Provided entries:
□ □ □

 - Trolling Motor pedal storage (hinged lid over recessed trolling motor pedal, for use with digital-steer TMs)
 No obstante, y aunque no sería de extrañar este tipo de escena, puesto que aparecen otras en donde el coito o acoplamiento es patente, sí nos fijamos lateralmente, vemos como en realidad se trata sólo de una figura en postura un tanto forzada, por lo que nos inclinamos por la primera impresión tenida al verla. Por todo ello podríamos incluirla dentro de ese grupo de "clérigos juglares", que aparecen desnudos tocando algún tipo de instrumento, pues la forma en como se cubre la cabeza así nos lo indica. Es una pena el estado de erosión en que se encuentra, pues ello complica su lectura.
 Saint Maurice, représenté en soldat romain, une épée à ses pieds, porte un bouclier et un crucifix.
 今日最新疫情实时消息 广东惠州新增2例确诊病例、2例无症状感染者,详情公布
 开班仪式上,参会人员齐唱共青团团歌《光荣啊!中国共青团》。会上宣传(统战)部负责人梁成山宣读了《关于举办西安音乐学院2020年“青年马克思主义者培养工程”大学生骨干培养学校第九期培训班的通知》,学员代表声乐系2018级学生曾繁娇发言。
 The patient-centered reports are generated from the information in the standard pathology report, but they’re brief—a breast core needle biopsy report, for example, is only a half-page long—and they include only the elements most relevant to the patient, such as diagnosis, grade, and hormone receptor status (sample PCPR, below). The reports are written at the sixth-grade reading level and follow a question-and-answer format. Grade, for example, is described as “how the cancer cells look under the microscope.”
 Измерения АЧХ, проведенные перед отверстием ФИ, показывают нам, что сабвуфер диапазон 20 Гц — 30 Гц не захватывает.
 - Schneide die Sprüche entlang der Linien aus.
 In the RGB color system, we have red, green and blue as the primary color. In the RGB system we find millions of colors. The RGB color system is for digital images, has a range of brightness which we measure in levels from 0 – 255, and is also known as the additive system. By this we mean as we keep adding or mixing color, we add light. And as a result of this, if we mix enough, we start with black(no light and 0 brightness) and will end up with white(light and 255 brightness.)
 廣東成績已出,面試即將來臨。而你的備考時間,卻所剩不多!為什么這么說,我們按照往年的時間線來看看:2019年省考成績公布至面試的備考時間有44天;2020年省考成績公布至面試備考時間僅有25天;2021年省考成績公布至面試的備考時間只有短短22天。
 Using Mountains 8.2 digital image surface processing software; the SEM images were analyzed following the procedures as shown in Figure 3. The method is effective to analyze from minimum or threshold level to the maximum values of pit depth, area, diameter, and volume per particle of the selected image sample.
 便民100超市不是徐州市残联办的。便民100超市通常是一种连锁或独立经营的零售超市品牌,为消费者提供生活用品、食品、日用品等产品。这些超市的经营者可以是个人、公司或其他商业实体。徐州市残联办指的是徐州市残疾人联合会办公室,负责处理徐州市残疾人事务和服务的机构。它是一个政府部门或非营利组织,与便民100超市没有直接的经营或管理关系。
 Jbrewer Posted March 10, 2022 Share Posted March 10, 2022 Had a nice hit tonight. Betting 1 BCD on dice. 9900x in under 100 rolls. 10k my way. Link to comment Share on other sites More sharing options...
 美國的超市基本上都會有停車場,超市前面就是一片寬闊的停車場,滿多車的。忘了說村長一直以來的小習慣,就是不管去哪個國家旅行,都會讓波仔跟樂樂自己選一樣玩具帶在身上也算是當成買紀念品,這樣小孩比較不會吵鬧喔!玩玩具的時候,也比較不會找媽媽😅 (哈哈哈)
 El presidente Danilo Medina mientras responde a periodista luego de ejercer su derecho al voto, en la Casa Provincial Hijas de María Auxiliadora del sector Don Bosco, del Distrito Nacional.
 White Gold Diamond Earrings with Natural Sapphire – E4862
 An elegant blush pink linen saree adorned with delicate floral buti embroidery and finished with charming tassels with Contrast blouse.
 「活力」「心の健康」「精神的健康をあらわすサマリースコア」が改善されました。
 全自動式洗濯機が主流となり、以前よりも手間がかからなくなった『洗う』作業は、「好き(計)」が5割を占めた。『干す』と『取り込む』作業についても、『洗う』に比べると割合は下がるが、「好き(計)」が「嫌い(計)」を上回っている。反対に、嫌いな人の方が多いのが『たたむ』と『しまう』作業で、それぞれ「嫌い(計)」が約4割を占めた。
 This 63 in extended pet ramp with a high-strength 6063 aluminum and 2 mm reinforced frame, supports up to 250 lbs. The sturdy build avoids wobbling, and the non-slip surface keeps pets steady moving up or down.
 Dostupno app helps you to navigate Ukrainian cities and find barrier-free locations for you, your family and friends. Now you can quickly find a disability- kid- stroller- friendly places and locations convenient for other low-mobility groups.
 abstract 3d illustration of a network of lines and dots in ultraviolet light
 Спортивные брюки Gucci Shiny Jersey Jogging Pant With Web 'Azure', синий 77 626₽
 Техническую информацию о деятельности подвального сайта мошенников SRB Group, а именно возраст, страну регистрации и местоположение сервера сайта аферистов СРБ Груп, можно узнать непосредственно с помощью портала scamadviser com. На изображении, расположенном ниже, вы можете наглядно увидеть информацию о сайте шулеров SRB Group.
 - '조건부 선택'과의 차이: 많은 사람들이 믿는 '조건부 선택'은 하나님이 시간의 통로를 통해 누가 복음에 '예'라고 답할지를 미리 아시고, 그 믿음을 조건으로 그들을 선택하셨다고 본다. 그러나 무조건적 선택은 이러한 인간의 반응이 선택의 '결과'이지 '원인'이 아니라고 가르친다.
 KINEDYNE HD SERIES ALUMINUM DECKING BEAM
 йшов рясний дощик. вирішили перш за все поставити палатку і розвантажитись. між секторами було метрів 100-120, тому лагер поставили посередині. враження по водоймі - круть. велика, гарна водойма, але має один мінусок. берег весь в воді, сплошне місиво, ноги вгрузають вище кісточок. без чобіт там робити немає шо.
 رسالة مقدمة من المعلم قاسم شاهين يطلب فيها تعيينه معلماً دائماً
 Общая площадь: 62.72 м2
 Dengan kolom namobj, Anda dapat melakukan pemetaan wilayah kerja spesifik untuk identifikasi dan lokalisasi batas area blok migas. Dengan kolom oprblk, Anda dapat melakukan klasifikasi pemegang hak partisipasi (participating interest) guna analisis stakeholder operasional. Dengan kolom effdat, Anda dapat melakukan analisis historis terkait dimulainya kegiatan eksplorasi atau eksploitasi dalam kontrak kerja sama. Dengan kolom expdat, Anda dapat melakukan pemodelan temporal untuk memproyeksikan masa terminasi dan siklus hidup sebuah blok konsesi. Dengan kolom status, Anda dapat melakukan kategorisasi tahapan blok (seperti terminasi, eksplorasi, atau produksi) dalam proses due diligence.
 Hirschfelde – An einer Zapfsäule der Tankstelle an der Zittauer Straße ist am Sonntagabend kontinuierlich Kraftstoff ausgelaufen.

□ □ □

Try it: Every piece of the data is to be set down again exactly.

Solution for this task:
 - Trolling Motor pedal storage (hinged lid over recessed trolling motor pedal, for use with digital-steer TMs)
 No obstante, y aunque no sería de extrañar este tipo de escena, puesto que aparecen otras en donde el coito o acoplamiento es patente, sí nos fijamos lateralmente, vemos como en realidad se trata sólo de una figura en postura un tanto forzada, por lo que nos inclinamos por la primera impresión tenida al verla. Por todo ello podríamos incluirla dentro de ese grupo de "clérigos juglares", que aparecen desnudos tocando algún tipo de instrumento, pues la forma en como se cubre la cabeza así nos lo indica. Es una pena el estado de erosión en que se encuentra, pues ello complica su lectura.
 Saint Maurice, représenté en soldat romain, une épée à ses pieds, porte un bouclier et un crucifix.
 今日最新疫情实时消息 广东惠州新增2例确诊病例、2例无症状感染者,详情公布
 开班仪式上,参会人员齐唱共青团团歌《光荣啊!中国共青团》。会上宣传(统战)部负责人梁成山宣读了《关于举办西安音乐学院2020年“青年马克思主义者培养工程”大学生骨干培养学校第九期培训班的通知》,学员代表声乐系2018级学生曾繁娇发言。
 The patient-centered reports are generated from the information in the standard pathology report, but they’re brief—a breast core needle biopsy report, for example, is only a half-page long—and they include only the elements most relevant to the patient, such as diagnosis, grade, and hormone receptor status (sample PCPR, below). The reports are written at the sixth-grade reading level and follow a question-and-answer format. Grade, for example, is described as “how the cancer cells look under the microscope.”
 Измерения АЧХ, проведенные перед отверстием ФИ, показывают нам, что сабвуфер диапазон 20 Гц — 30 Гц не захватывает.
 - Schneide die Sprüche entlang der Linien aus.
 In the RGB color system, we have red, green and blue as the primary color. In the RGB system we find millions of colors. The RGB color system is for digital images, has a range of brightness which we measure in levels from 0 – 255, and is also known as the additive system. By this we mean as we keep adding or mixing color, we add light. And as a result of this, if we mix enough, we start with black(no light and 0 brightness) and will end up with white(light and 255 brightness.)
 廣東成績已出,面試即將來臨。而你的備考時間,卻所剩不多!為什么這么說,我們按照往年的時間線來看看:2019年省考成績公布至面試的備考時間有44天;2020年省考成績公布至面試備考時間僅有25天;2021年省考成績公布至面試的備考時間只有短短22天。
 Using Mountains 8.2 digital image surface processing software; the SEM images were analyzed following the procedures as shown in Figure 3. The method is effective to analyze from minimum or threshold level to the maximum values of pit depth, area, diameter, and volume per particle of the selected image sample.
 便民100超市不是徐州市残联办的。便民100超市通常是一种连锁或独立经营的零售超市品牌,为消费者提供生活用品、食品、日用品等产品。这些超市的经营者可以是个人、公司或其他商业实体。徐州市残联办指的是徐州市残疾人联合会办公室,负责处理徐州市残疾人事务和服务的机构。它是一个政府部门或非营利组织,与便民100超市没有直接的经营或管理关系。
 Jbrewer Posted March 10, 2022 Share Posted March 10, 2022 Had a nice hit tonight. Betting 1 BCD on dice. 9900x in under 100 rolls. 10k my way. Link to comment Share on other sites More sharing options...
 美國的超市基本上都會有停車場,超市前面就是一片寬闊的停車場,滿多車的。忘了說村長一直以來的小習慣,就是不管去哪個國家旅行,都會讓波仔跟樂樂自己選一樣玩具帶在身上也算是當成買紀念品,這樣小孩比較不會吵鬧喔!玩玩具的時候,也比較不會找媽媽😅 (哈哈哈)
 El presidente Danilo Medina mientras responde a periodista luego de ejercer su derecho al voto, en la Casa Provincial Hijas de María Auxiliadora del sector Don Bosco, del Distrito Nacional.
 White Gold Diamond Earrings with Natural Sapphire – E4862
 An elegant blush pink linen saree adorned with delicate floral buti embroidery and finished with charming tassels with Contrast blouse.
 「活力」「心の健康」「精神的健康をあらわすサマリースコア」が改善されました。
 全自動式洗濯機が主流となり、以前よりも手間がかからなくなった『洗う』作業は、「好き(計)」が5割を占めた。『干す』と『取り込む』作業についても、『洗う』に比べると割合は下がるが、「好き(計)」が「嫌い(計)」を上回っている。反対に、嫌いな人の方が多いのが『たたむ』と『しまう』作業で、それぞれ「嫌い(計)」が約4割を占めた。
 This 63 in extended pet ramp with a high-strength 6063 aluminum and 2 mm reinforced frame, supports up to 250 lbs. The sturdy build avoids wobbling, and the non-slip surface keeps pets steady moving up or down.
 Dostupno app helps you to navigate Ukrainian cities and find barrier-free locations for you, your family and friends. Now you can quickly find a disability- kid- stroller- friendly places and locations convenient for other low-mobility groups.
 abstract 3d illustration of a network of lines and dots in ultraviolet light
 Спортивные брюки Gucci Shiny Jersey Jogging Pant With Web 'Azure', синий 77 626₽
 Техническую информацию о деятельности подвального сайта мошенников SRB Group, а именно возраст, страну регистрации и местоположение сервера сайта аферистов СРБ Груп, можно узнать непосредственно с помощью портала scamadviser com. На изображении, расположенном ниже, вы можете наглядно увидеть информацию о сайте шулеров SRB Group.
 - '조건부 선택'과의 차이: 많은 사람들이 믿는 '조건부 선택'은 하나님이 시간의 통로를 통해 누가 복음에 '예'라고 답할지를 미리 아시고, 그 믿음을 조건으로 그들을 선택하셨다고 본다. 그러나 무조건적 선택은 이러한 인간의 반응이 선택의 '결과'이지 '원인'이 아니라고 가르친다.
 KINEDYNE HD SERIES ALUMINUM DECKING BEAM
 йшов рясний дощик. вирішили перш за все поставити палатку і розвантажитись. між секторами було метрів 100-120, тому лагер поставили посередині. враження по водоймі - круть. велика, гарна водойма, але має один мінусок. берег весь в воді, сплошне місиво, ноги вгрузають вище кісточок. без чобіт там робити немає шо.
 رسالة مقدمة من المعلم قاسم شاهين يطلب فيها تعيينه معلماً دائماً
 Общая площадь: 62.72 м2
 Dengan kolom namobj, Anda dapat melakukan pemetaan wilayah kerja spesifik untuk identifikasi dan lokalisasi batas area blok migas. Dengan kolom oprblk, Anda dapat melakukan klasifikasi pemegang hak partisipasi (participating interest) guna analisis stakeholder operasional. Dengan kolom effdat, Anda dapat melakukan analisis historis terkait dimulainya kegiatan eksplorasi atau eksploitasi dalam kontrak kerja sama. Dengan kolom expdat, Anda dapat melakukan pemodelan temporal untuk memproyeksikan masa terminasi dan siklus hidup sebuah blok konsesi. Dengan kolom status, Anda dapat melakukan kategorisasi tahapan blok (seperti terminasi, eksplorasi, atau produksi) dalam proses due diligence.
 Hirschfelde – An einer Zapfsäule der Tankstelle an der Zittauer Straße ist am Sonntagabend kontinuierlich Kraftstoff ausgelaufen.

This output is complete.